Question 695437
Something is wrong.
The midpoint between your vertices is (-3,3).
(Its coordinates are the averages of the coordinates of the vertices: {{{(0+(-6))/2=3)}}} and {{{(3+3)/2=3}}}).
That should be the center of the hyperbola, and the point where the asymptotes intersect.
However, you asymptotes intersect at (3,-3).
 
A hyperbola with axes parallel to the x-axis and y-axis would have an equation
with a difference of squares involving x, y, and the coordinates of the center (h,k) of the hyperbola.
The equation for a hyperbola with a horizontal transverse axis, opening left and right, like ) (, would look like
{{{(x-h)^2/a^2-(y-k)^2/b^2=1}}} with asymptotes {{{y=(b/a)(x-h) +k}}} and {{{y= - (b/a)(x-h) +k}}} and vertices (h+a, k) and (h-a, k)
 
The equation for a hyperbola with a vertical transverse axis, would look like
{{{(y-k)^2/a^2-(x-h)^2/b^2=1}}} with asymptotes {{{y=(a/b)(x-h) +k}}} and {{{y= - (a/b)(x-h) +k}}} and vertices (h, a-k) and (h, a+k)

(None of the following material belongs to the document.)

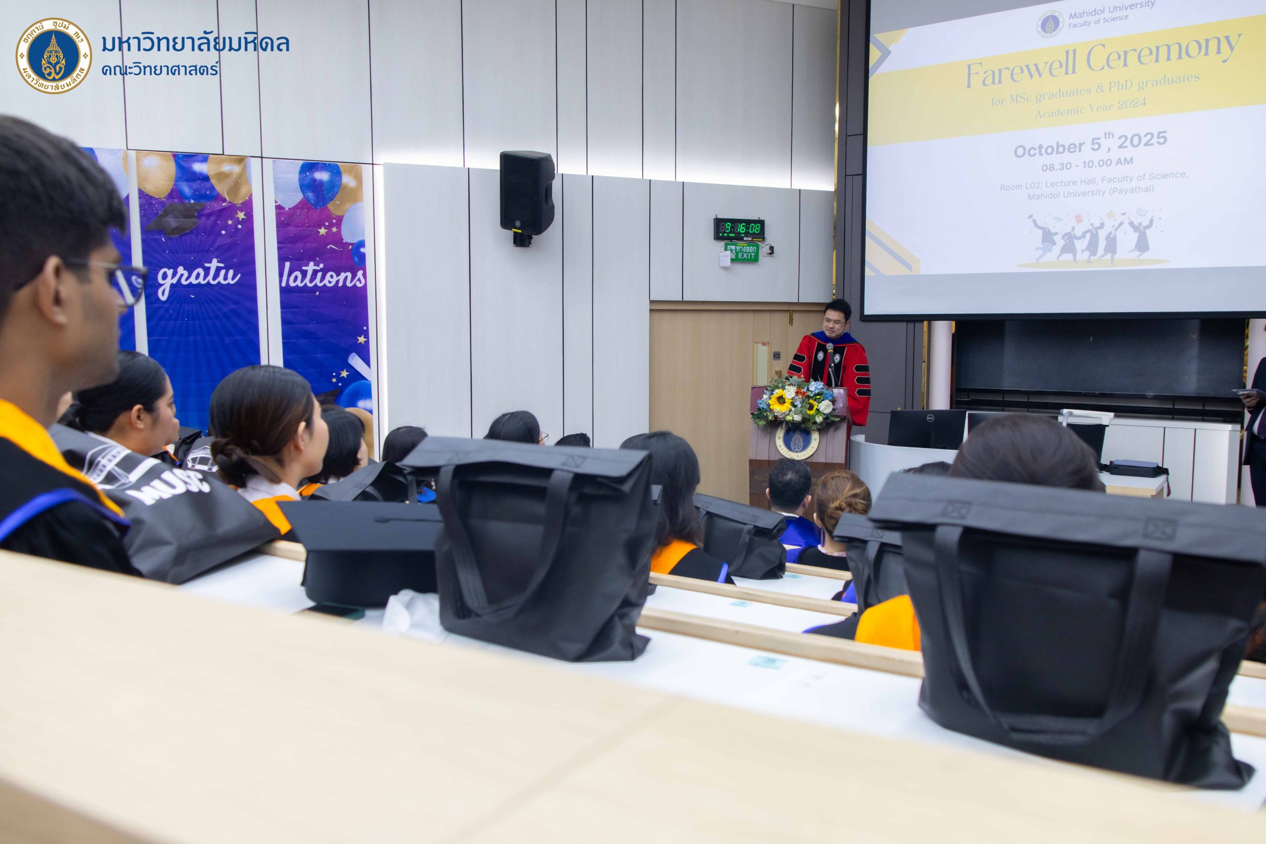 คณะวิทย์ ม.มหิดล ฉลองความสำเร็จแก่บัณฑิตคณะวิทยาศาสตร์ จัดพิธีปัจฉิมนิเทศบัณฑิตระดับปริญญาตรี และพิธีปัจฉิมนิเทศมหาบัณฑิตและดุษฎีบัณฑิต ประจำปีการศึกษา 2567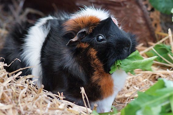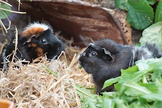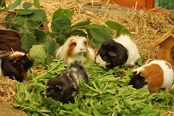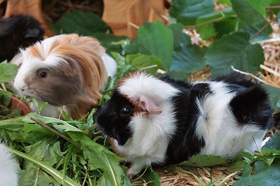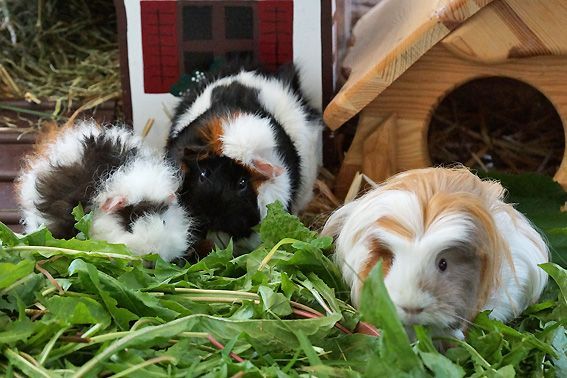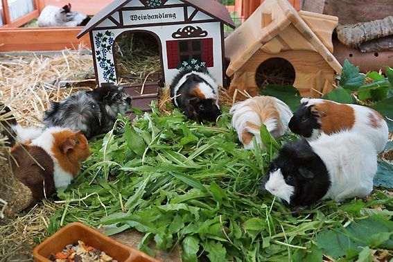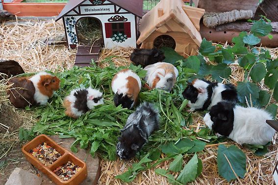 Unsere Meerschweinchen fühlen sich rundum wohl. Sie bekommen neben Körner und Heu

If your asymptotes are {{{y=-x}}} and {{{y=x-6}}}, with slopes {{{1}}} and {{{-1}}}, then {{{a=b}}}.
You should be able to find {{{a=b}}}, {{{h}}} and {{{k}}} from the coordinates of the vertices.
If your vertices are truly (0,3) and (-6,3), the center is (-3,3),
and {{{a=3}}}, the distance from the center to each of the vertices.